**Assignment**
The listing below is to be written out word for word, minus its images.

**Input data**
========================================================================
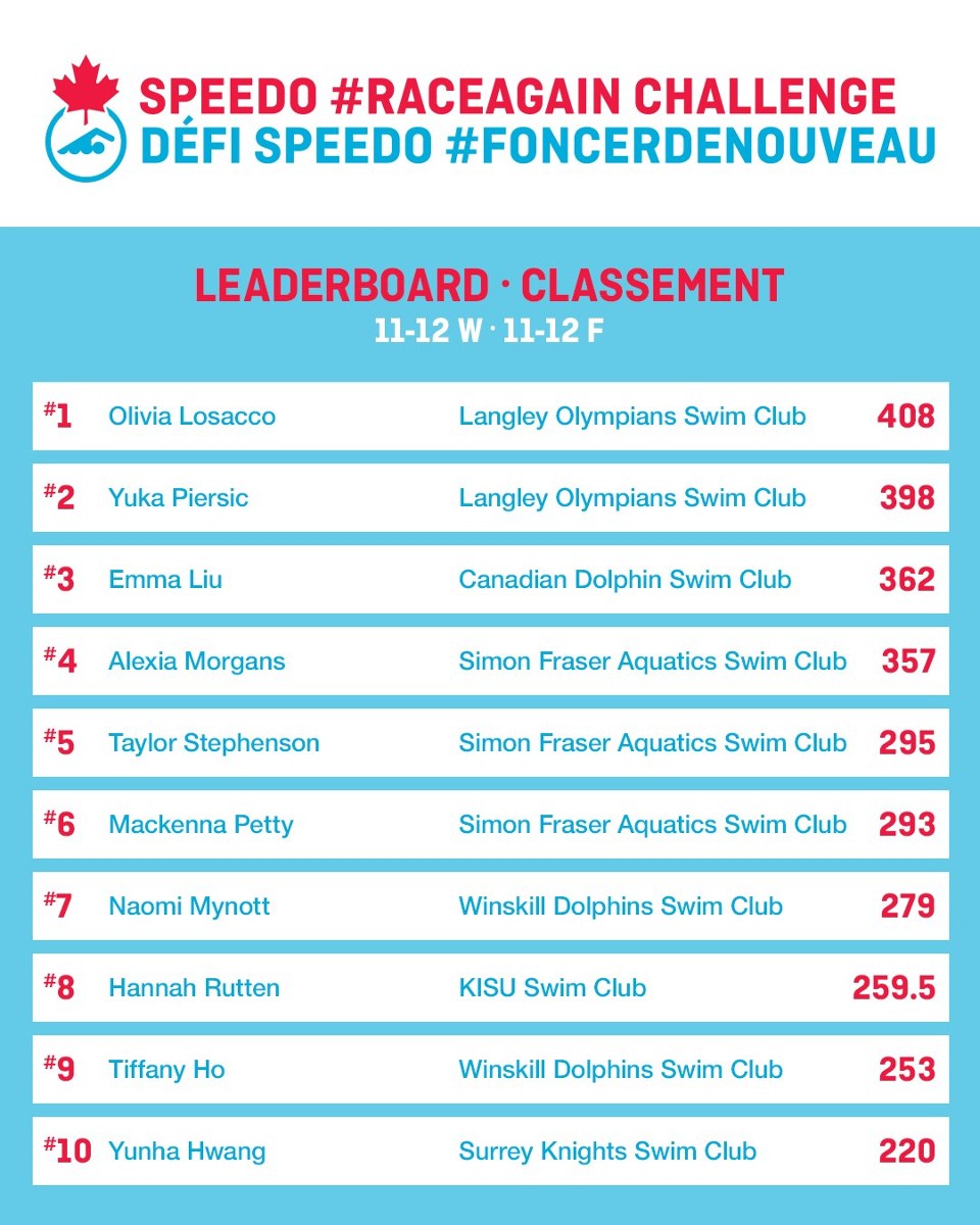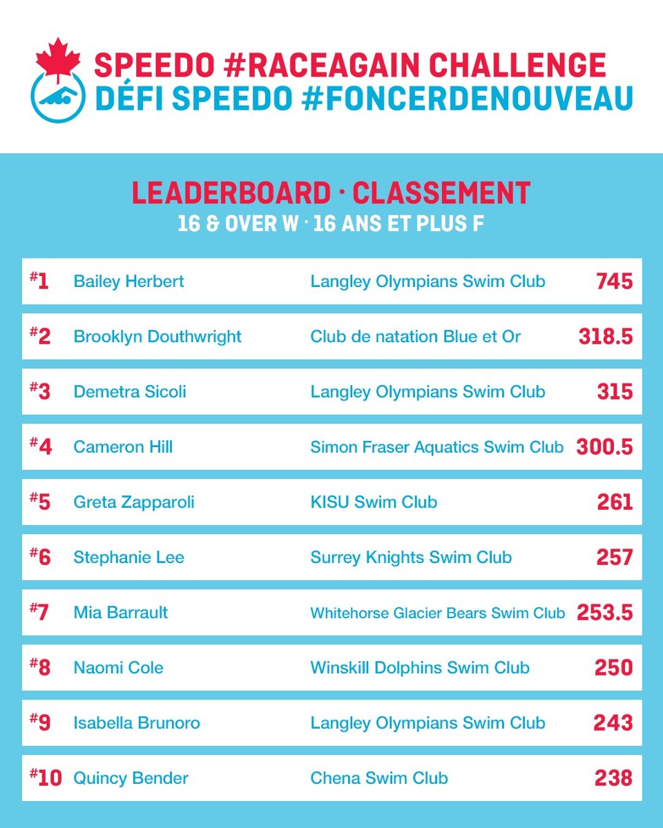 More results are in this website: https://www.swimming.ca/en/raceagain/
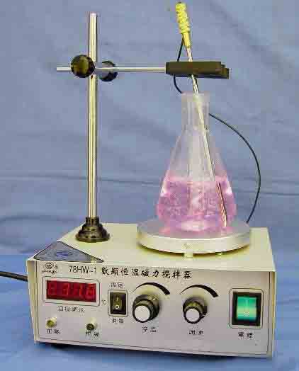 78HW-1恒溫磁力攪拌器是在原磁力加熱攪拌器的基礎(chǔ)上改進(jìn)而成的一種多用途、多功能、可控溫型加熱磁力攪拌器,能在較廣的速度、溫度范圍內(nèi)對液體溶液進(jìn)行精密穩(wěn)定的恒溫攪拌,特別適合攪拌小體積樣品。78HW-1恒溫磁力攪拌器采用直流電機(jī),噪音小,調(diào)速平穩(wěn);全封閉式加熱盤可作輔助加熱之用,可設(shè)定溫度及溫度顯示,數(shù)顯直觀;由聚四氟乙烯和磁鋼精制成的攪拌子,耐高溫、耐磨、耐化學(xué)腐蝕、磁性強(qiáng)。78HW-1恒溫磁力攪拌器廣泛用于石油、化工、醫(yī)藥衛(wèi)生、環(huán)保、生化、教育科研等企事業(yè)單位實(shí)驗(yàn)室。
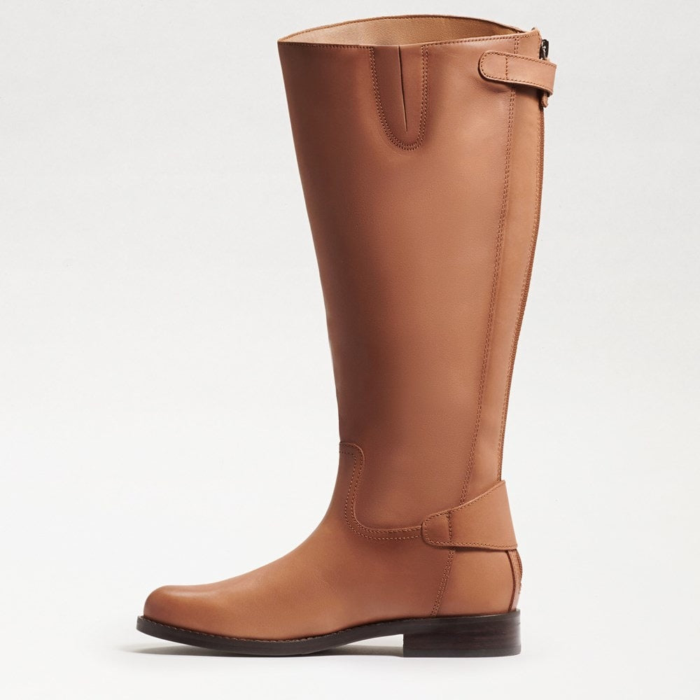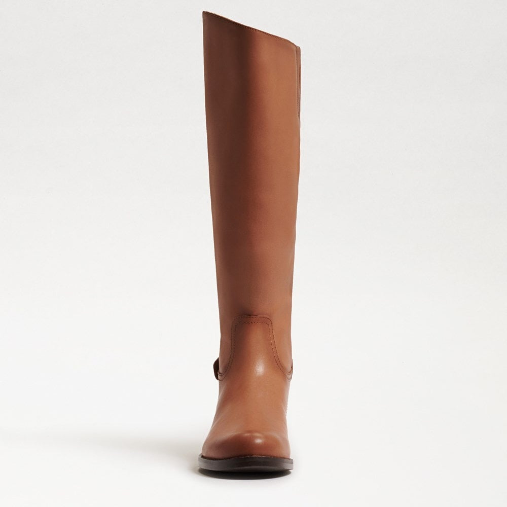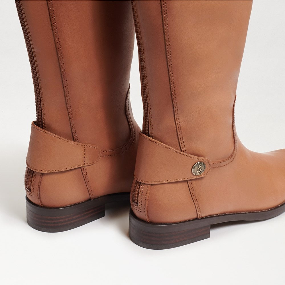 Look gorgeous in these stylish and sleek Mikala boots by Sam Edelman, perfect for everyday wear or on special occasions. Leather upper. Synthetic lining and insole. Zippered side closure and snap-button closure on the top. Round toes. Branded metallic hardware. Synthetic outsole. Imported.
========================================================================
**Answer for this exercise**
 More results are in this website: https://www.swimming.ca/en/raceagain/
 78HW-1恒溫磁力攪拌器是在原磁力加熱攪拌器的基礎(chǔ)上改進(jìn)而成的一種多用途、多功能、可控溫型加熱磁力攪拌器,能在較廣的速度、溫度范圍內(nèi)對液體溶液進(jìn)行精密穩(wěn)定的恒溫攪拌,特別適合攪拌小體積樣品。78HW-1恒溫磁力攪拌器采用直流電機(jī),噪音小,調(diào)速平穩(wěn);全封閉式加熱盤可作輔助加熱之用,可設(shè)定溫度及溫度顯示,數(shù)顯直觀;由聚四氟乙烯和磁鋼精制成的攪拌子,耐高溫、耐磨、耐化學(xué)腐蝕、磁性強(qiáng)。78HW-1恒溫磁力攪拌器廣泛用于石油、化工、醫(yī)藥衛(wèi)生、環(huán)保、生化、教育科研等企事業(yè)單位實(shí)驗(yàn)室。
 Look gorgeous in these stylish and sleek Mikala boots by Sam Edelman, perfect for everyday wear or on special occasions. Leather upper. Synthetic lining and insole. Zippered side closure and snap-button closure on the top. Round toes. Branded metallic hardware. Synthetic outsole. Imported.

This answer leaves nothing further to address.